An outstanding feature for such a large car is the steering angle and turning circle for it is quite remarkable and at first you find it hard to believe, but with the light power steering you soon begin to exploit it rather than shuffling the Borg-Warner transmission about, for it is controlled by a lever moving fore and aft in a quadrant. If you are manoeuvring about in L or D1, which is right forward, you have to come through D2 and N to reach R and you can sense the gremlins down below getting confused and rushing their work instead of doing it smoothly. Having returned to the automatic transmission I must have another gripe and that is about the “kick-down” control from High to Middle, for overtaking. It is operated by pressing the accelerator pedal right down to the floor, so that Middle comes in with the throttles wide open, whether you wanted that much power or not. Now if you have ever played with a Weber carburetter on the bench you will know about the powerful squirt of petrol that the accelerator pumps give, which is why you do not jiggle the accelerator pedal when starting an engine on a Weber carburetter. The Maserati V8 has four twin-choke Webers so when you stamp the to the floor to operate the “kick-down” switch to get Middle ratio a fair old bucketful of petrol goes down into the works, which I find very unpalatable when I merely wanted a little more acceleration and not maximum acceleration. The Citroën people made a mistake lending me a Maserati with automatic transmission; if I had had the manual five-speed box I would have been much happier. (What D.S.J. doesn’t know about he doesn’t worry about.).
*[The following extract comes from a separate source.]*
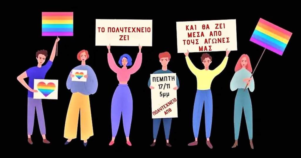 Απέναντι στη διαχρονική προσπάθεια του κυβερνητικού κέντρου και ευρύτερα του συστήματος να ανατραπούν όλες οι κατακτήσεις του Πολυτεχνείου και της Μεταπολίτευσης, εμείς τις υπερασπιζόμαστε με όλες μας τις δυνάμεις. Γιατί ξέρουμε πολύ καλά πως στο κλίμα ελευθερίας και αγώνων της μεταπολίτευσης είχαμε την ευκαιρία να αναπτυχθούμε περισσότερο ως λοατκια+ κίνημα και να φτάσουμε σήμερα να διεκδικούμε όλο και πιο πολλά δικαιώματα, με στόχο την ισότητα!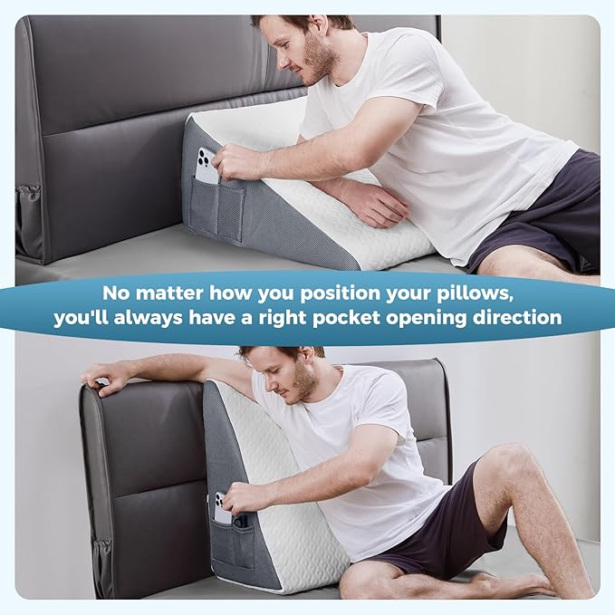 • 【Careful & User-Friendly Design】This wedge pillow includes a convenient carrying handle, 2 side pockets with different orientations, allowing you to store your phone, glasses, or remote control with ease. Additionally, its anti-slip bottom ensures that the pillow remains in place, so you no longer need to worry about it moving around

With its old-fashioned layout of front engine, cart springs and one-piece rear axle and four seats the Maserati Indy, and others like it, are not my sort of car, but fortunately for manufacturers I am in a minority who are looking forward to the Maserati Bora, which has the delectable four-cam V8 in the middle, but that is still in the prototype stage. The Maserati Indy, and the Ghibli and Mexico variants, are cars that have a following as witness the latest Jensen and the V8 Aston Martin, and for people who motor in that fashion the Maserati is pretty exceptional. A regular traveller from Milan to Rome, or Edinburgh to London, or Paris to Marseilles would really make the Maserati come into its own. You could do Inter-City travel at any speed from 80 m.p.h. to 120 m.p.h. without the slightest fuss and a feeling that it would go on for ever, but in the automatic transmission form that I borrowed the Indy was rather characterless and only the blue Trident of Bologna in the centre of the steering wheel told me I was in a Maserati, even the four-cam V8 engine being unobtrusive. The present-day production Maserati V8 engine has come a long way since those days in 1957 when it was far from unobtrusive to anyone living within two miles of the Maserati factory.—D. S. J.